(Extracted data entries)
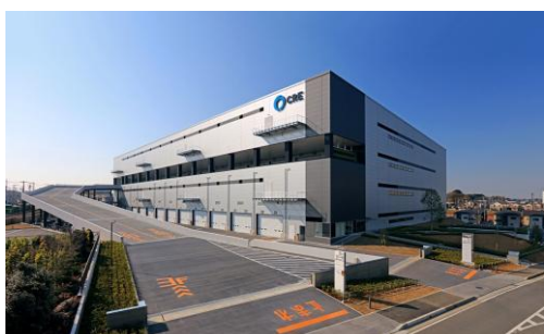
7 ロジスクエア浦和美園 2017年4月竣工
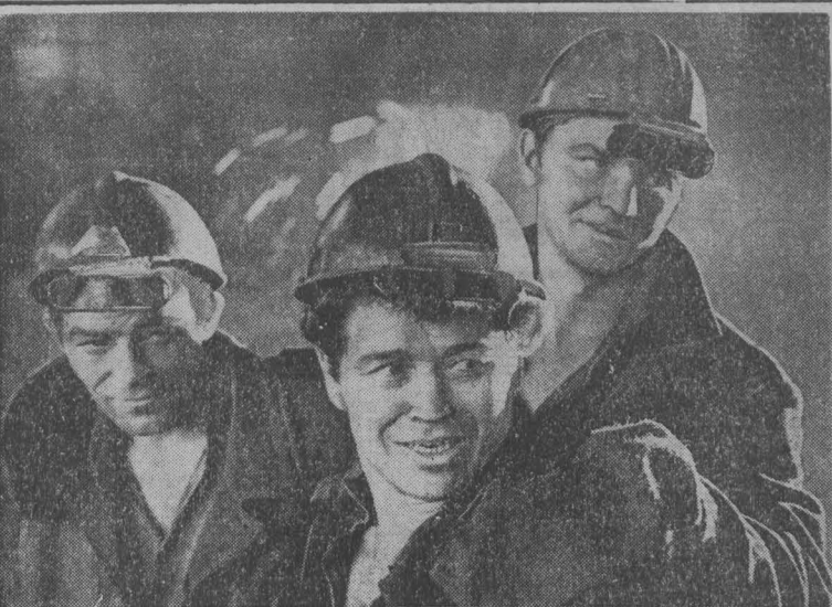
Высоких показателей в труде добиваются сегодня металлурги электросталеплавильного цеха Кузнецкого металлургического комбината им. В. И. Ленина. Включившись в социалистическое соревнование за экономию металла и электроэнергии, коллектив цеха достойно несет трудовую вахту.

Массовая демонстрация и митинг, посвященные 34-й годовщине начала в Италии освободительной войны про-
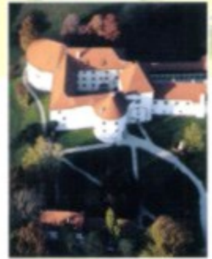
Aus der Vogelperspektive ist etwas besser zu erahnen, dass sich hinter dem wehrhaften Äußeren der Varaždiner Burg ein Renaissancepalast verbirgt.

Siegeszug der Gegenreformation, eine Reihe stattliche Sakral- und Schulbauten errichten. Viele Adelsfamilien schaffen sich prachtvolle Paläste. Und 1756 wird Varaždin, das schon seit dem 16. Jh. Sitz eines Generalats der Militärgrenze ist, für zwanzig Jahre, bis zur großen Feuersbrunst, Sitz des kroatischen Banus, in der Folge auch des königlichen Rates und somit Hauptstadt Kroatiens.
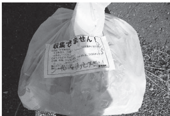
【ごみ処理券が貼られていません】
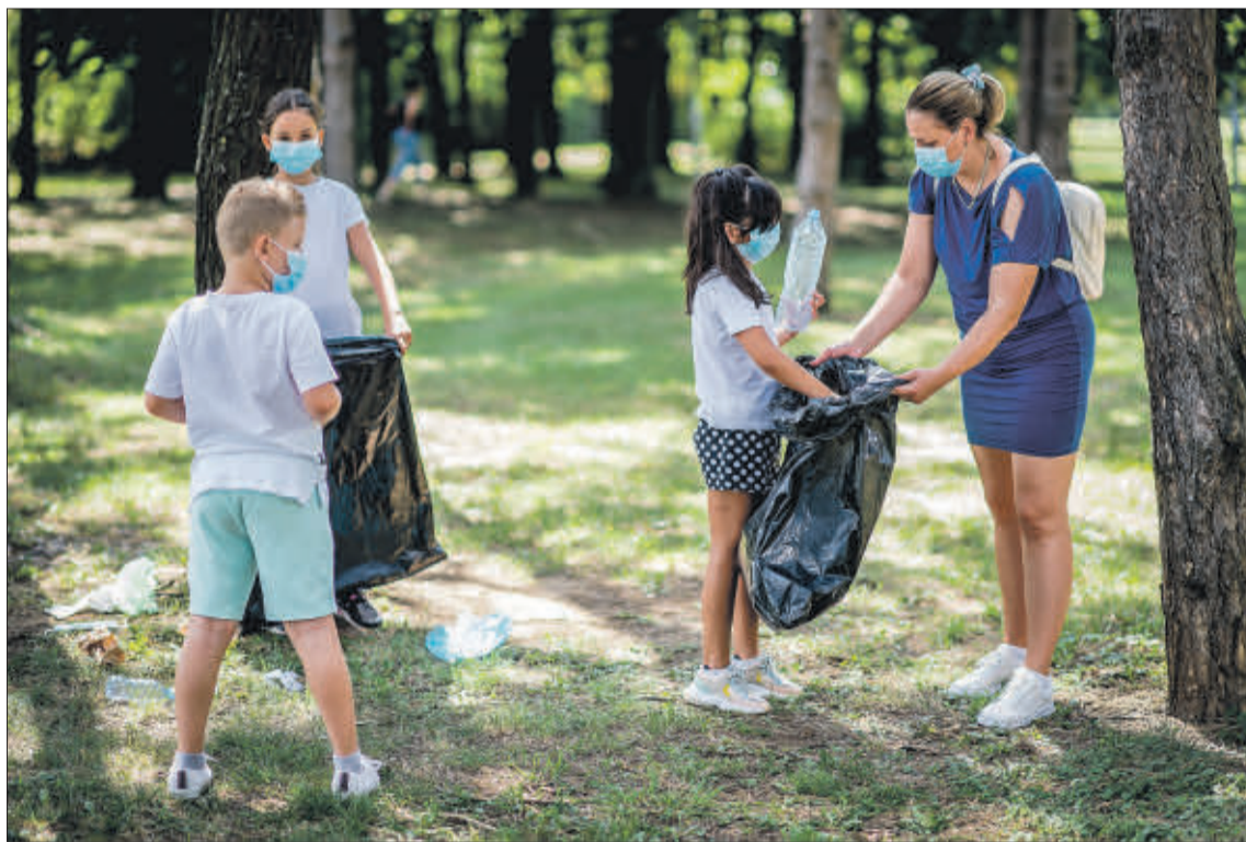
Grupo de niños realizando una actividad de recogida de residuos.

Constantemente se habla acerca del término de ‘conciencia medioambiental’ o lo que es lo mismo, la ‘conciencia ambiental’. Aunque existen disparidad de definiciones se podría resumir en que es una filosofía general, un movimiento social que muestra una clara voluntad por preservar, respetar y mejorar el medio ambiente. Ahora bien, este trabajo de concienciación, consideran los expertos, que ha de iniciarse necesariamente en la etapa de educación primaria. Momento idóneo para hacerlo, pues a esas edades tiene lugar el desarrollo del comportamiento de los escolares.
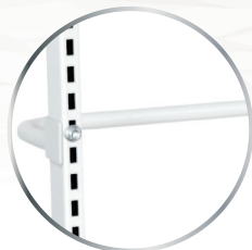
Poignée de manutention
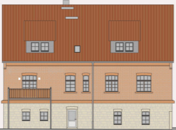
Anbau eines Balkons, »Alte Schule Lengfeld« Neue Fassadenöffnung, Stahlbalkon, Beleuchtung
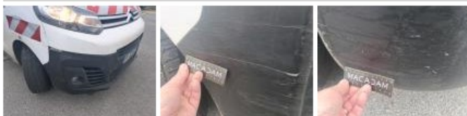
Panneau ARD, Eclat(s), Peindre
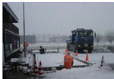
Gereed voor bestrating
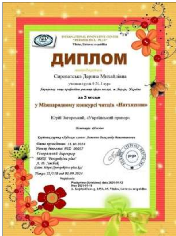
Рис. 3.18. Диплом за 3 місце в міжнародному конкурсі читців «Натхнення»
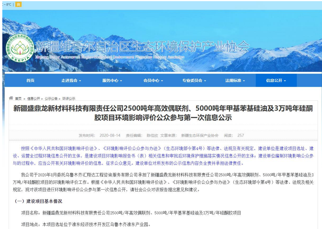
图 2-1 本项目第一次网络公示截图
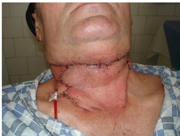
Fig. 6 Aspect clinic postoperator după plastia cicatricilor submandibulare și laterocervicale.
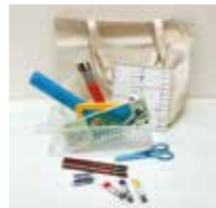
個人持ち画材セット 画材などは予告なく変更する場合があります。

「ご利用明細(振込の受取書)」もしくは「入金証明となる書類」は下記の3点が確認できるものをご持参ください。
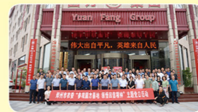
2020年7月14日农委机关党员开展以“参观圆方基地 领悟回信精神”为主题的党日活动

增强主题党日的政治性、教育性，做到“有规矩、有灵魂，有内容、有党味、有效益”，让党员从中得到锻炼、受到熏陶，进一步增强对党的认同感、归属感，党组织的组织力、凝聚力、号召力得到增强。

---

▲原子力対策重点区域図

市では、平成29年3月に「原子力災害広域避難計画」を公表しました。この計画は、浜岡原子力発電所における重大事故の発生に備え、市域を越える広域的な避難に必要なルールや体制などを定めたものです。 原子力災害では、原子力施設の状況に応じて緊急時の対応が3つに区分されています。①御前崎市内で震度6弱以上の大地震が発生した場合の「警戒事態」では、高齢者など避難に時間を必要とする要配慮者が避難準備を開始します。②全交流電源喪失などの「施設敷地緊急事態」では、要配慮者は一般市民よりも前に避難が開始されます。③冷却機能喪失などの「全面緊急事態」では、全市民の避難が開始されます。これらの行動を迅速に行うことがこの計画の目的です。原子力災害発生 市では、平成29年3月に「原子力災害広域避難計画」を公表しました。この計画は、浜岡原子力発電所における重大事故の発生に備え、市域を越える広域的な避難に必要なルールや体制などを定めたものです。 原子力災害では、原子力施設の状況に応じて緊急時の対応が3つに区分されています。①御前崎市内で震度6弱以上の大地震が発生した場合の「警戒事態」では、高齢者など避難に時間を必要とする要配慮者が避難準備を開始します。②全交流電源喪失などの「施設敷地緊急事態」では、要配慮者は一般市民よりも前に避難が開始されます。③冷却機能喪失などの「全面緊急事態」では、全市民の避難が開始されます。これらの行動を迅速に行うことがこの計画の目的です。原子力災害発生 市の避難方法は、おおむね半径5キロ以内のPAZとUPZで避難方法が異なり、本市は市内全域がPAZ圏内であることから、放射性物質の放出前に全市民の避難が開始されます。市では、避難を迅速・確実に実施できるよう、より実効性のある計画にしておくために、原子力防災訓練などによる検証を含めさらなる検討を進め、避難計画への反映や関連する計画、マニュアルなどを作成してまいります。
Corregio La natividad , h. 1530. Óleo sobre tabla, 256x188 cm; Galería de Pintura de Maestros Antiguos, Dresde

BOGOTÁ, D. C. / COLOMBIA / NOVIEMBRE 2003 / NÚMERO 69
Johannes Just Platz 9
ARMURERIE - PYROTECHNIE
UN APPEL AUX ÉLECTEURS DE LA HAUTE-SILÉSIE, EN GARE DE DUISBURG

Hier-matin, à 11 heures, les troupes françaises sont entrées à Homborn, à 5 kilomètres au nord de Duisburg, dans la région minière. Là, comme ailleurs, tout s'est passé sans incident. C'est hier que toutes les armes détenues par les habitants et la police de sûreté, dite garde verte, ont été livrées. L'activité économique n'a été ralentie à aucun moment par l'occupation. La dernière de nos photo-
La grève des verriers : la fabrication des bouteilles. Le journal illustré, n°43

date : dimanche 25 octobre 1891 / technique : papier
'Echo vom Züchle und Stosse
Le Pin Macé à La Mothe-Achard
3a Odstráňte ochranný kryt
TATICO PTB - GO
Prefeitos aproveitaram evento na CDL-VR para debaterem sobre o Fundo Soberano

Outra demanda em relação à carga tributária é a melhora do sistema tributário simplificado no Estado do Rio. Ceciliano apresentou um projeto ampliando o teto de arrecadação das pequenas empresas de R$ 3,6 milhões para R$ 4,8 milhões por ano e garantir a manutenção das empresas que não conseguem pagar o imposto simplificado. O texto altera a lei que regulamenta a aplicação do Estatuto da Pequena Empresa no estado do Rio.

* * *

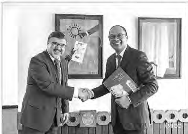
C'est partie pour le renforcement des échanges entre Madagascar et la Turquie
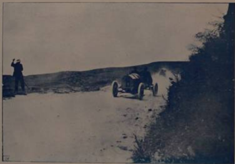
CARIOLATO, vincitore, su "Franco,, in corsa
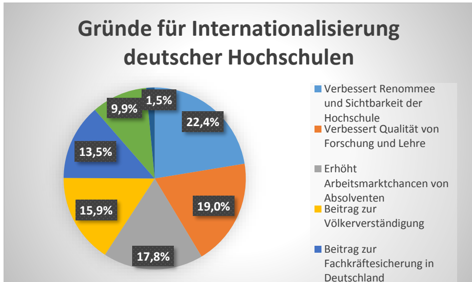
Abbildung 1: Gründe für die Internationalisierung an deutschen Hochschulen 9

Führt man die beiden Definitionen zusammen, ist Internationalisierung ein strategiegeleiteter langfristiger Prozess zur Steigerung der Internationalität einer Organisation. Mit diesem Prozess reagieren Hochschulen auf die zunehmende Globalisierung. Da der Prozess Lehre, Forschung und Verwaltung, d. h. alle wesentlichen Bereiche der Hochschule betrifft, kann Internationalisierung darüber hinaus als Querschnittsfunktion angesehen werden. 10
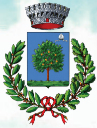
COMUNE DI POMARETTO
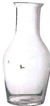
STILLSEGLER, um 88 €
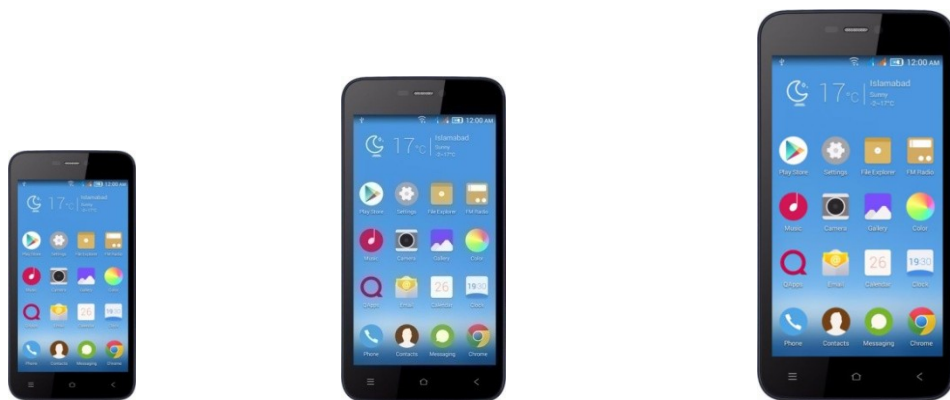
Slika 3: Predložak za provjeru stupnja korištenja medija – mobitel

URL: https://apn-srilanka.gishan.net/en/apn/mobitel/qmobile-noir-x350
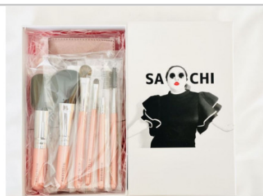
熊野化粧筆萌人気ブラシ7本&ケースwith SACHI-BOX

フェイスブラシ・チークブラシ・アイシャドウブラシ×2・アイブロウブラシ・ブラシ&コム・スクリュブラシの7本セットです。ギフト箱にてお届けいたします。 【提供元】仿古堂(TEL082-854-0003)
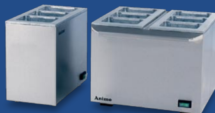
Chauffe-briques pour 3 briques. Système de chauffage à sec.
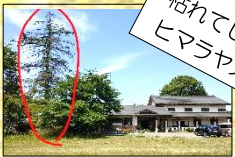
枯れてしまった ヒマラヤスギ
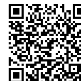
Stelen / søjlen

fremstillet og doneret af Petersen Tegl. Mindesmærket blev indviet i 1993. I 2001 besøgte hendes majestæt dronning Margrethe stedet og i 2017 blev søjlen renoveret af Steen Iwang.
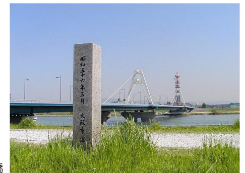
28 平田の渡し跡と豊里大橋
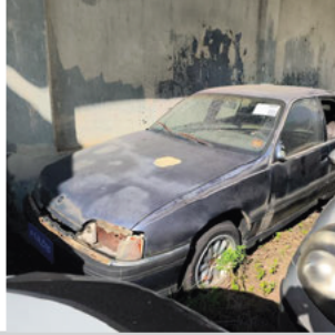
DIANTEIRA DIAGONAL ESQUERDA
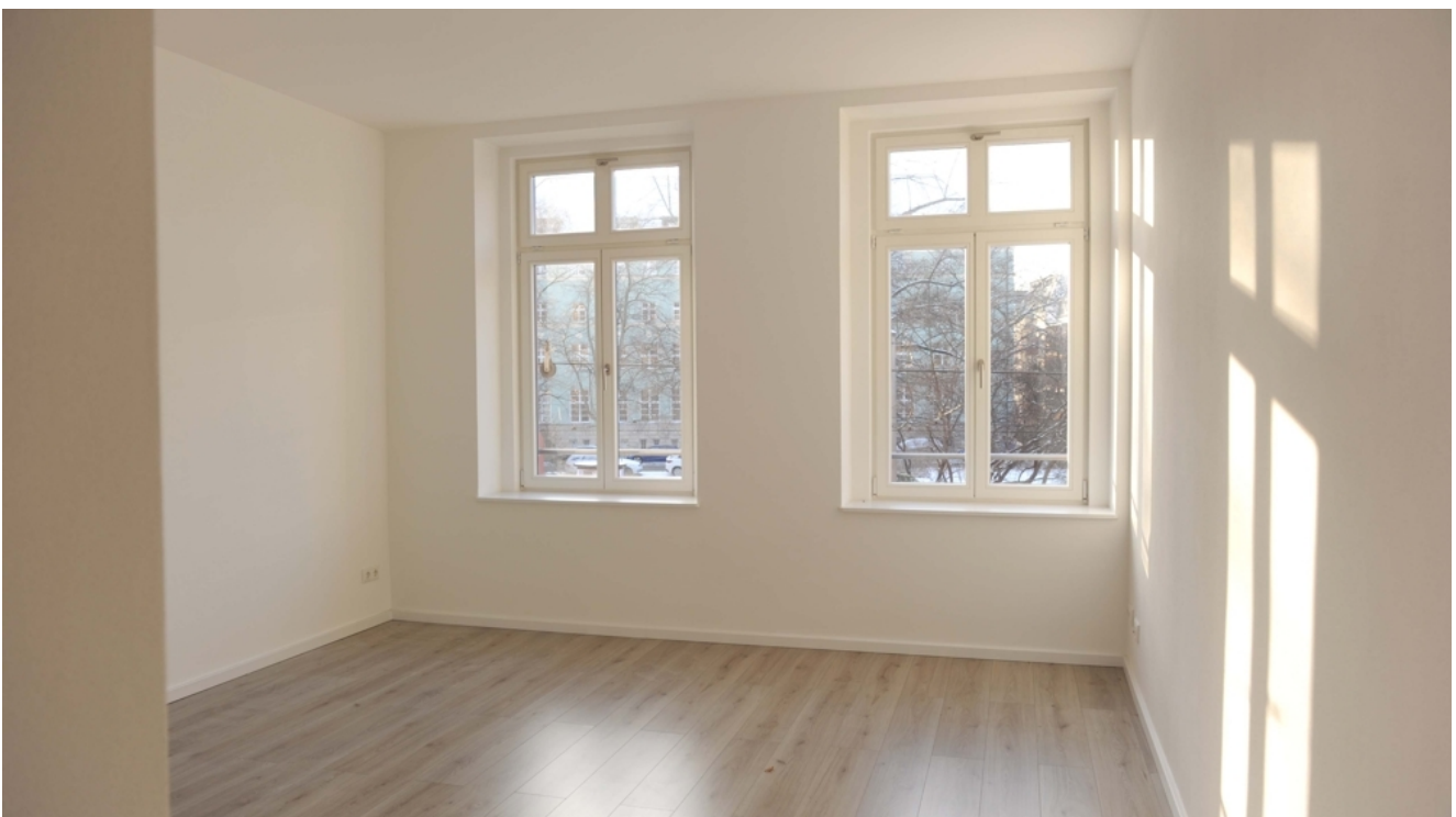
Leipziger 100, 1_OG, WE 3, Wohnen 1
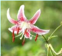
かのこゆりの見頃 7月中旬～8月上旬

**WHAT IS NEEDED**. Look above for the line with "7 ロジスクエア浦和美園 2017年4月竣工"; quote it and every line after it, stopping after the line with "Aus der Vogelperspektive", exactly, with nothing added and without pictures.

**SOLUTION FOR THIS EXERCISE**.
7 ロジスクエア浦和美園 2017年4月竣工
Высоких показателей в труде добиваются сегодня металлурги электросталеплавильного цеха Кузнецкого металлургического комбината им. В. И. Ленина. Включившись в социалистическое соревнование за экономию металла и электроэнергии, коллектив цеха достойно несет трудовую вахту.

Массовая демонстрация и митинг, посвященные 34-й годовщине начала в Италии освободительной войны про-
Aus der Vogelperspektive ist etwas besser zu erahnen, dass sich hinter dem wehrhaften Äußeren der Varaždiner Burg ein Renaissancepalast verbirgt.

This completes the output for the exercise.